*Exercise requirements*.
Give back exactly the line containing "SUBIECTE BAC 2013" and all that follow it in the data below, with the pictures left out.

(Stored items from a collection)
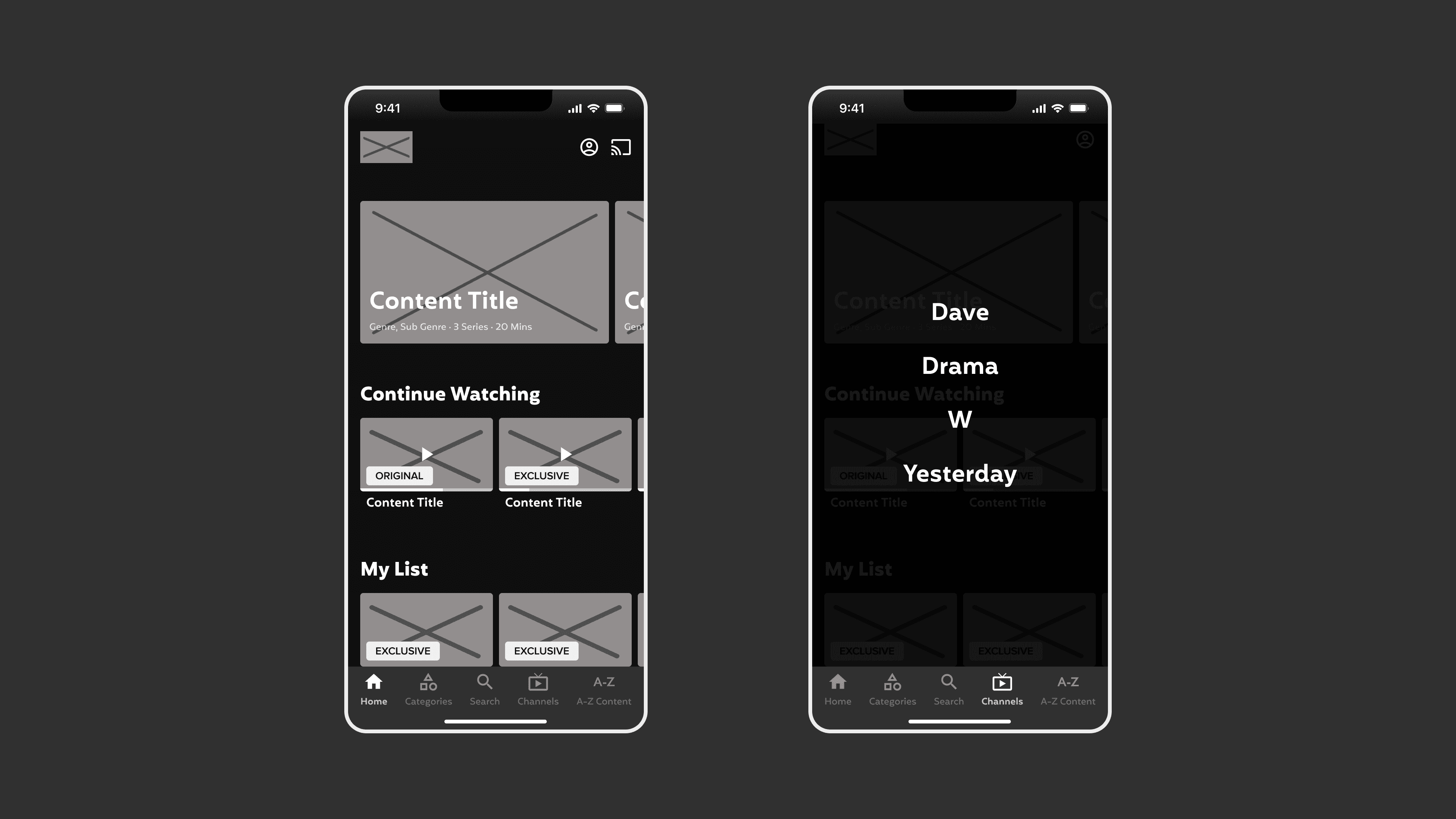 Using our research and persona insights, we translated user needs into structured wireframes. This step laid the foundation for an intuitive, user-friendly UKTV Play experience.
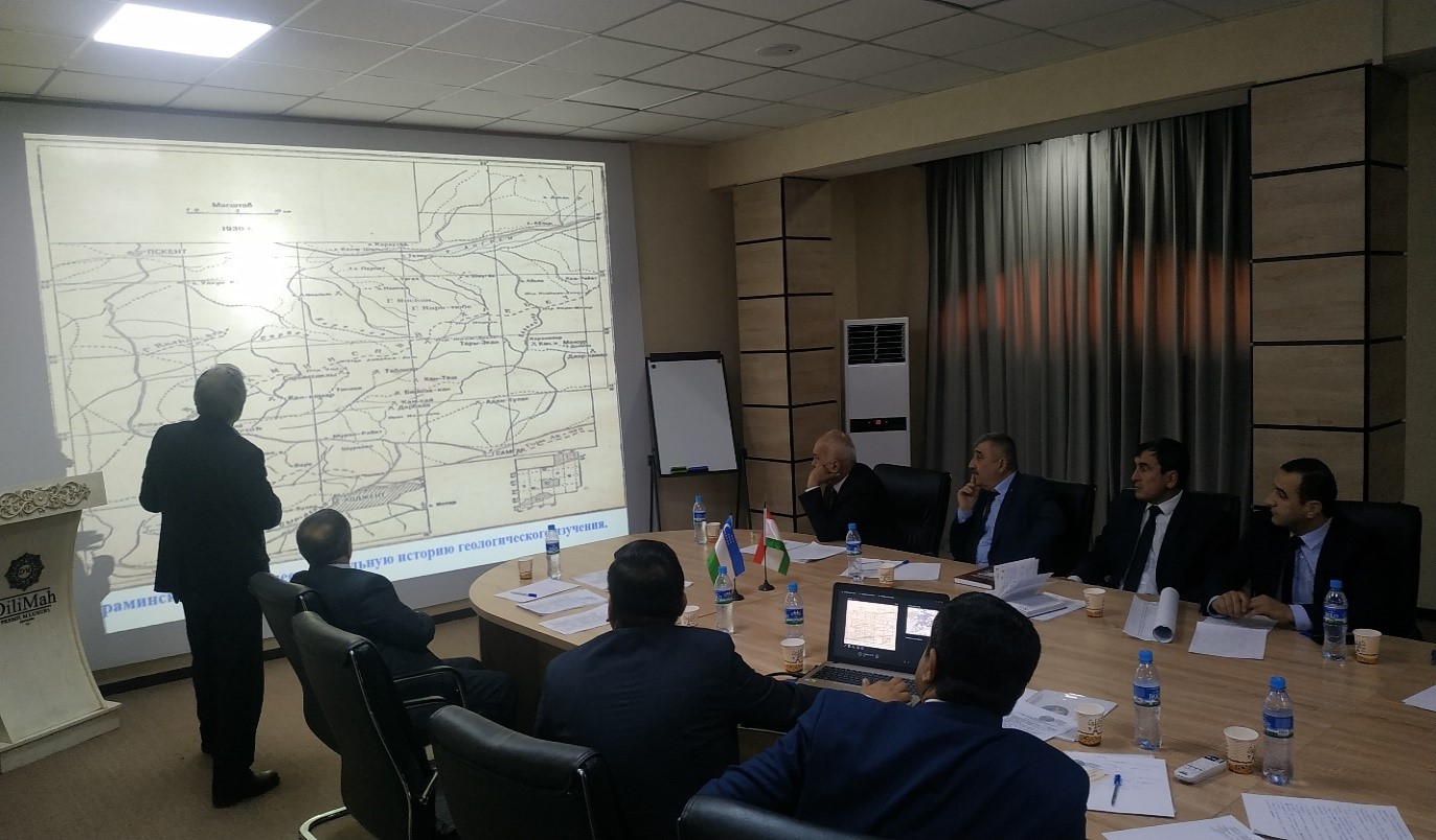 «Геологическое ведомство Таджикистана представило на заседании информацию о ходе оцифровки геологических карт страны М1:200 000 с целью дальнейшей сбивки приграничных листов и о деятельности и сборе информации со стороны центра экзогенных процессов ГУГ и дальнейшего сотрудничества в этом направлении», - сообщает главное управление геологии при правительстве РТ.
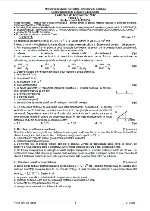 SUBIECTE BAC 2013 FIZICĂ. 14.600 de absolvenți de liceu au ales FIZICA la BACALAUREAT 2013
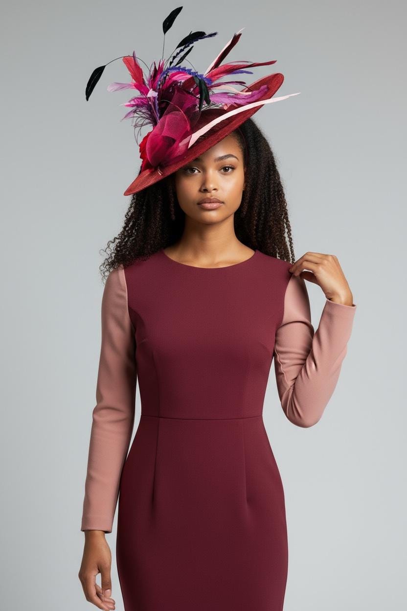 Big Brim 23cm Texture Hat with Burgundy Roses, with amazing mix of Marabou Ostrich and Coque Feathers in
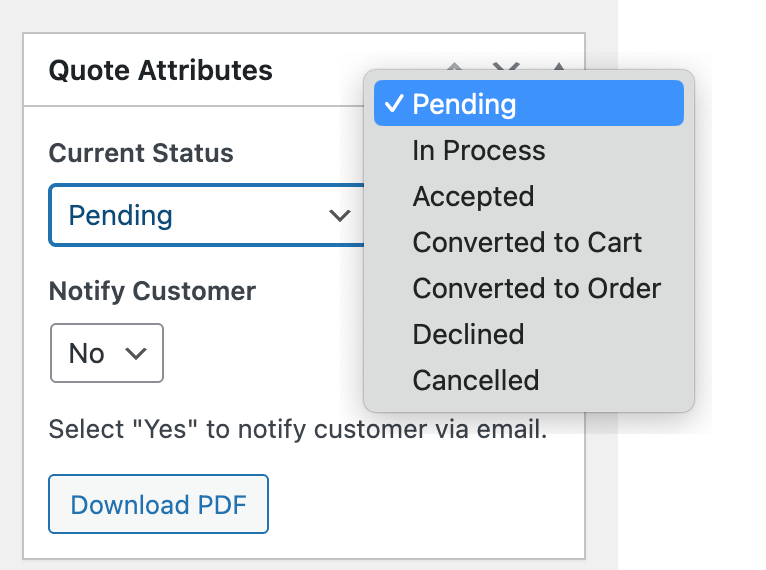 To better manage your quotes, the extension now offers multiple quote status and ability to send email notifications to customers on status change.

*Task solution*.
 SUBIECTE BAC 2013 FIZICĂ. 14.600 de absolvenți de liceu au ales FIZICA la BACALAUREAT 2013
 Big Brim 23cm Texture Hat with Burgundy Roses, with amazing mix of Marabou Ostrich and Coque Feathers in
 To better manage your quotes, the extension now offers multiple quote status and ability to send email notifications to customers on status change.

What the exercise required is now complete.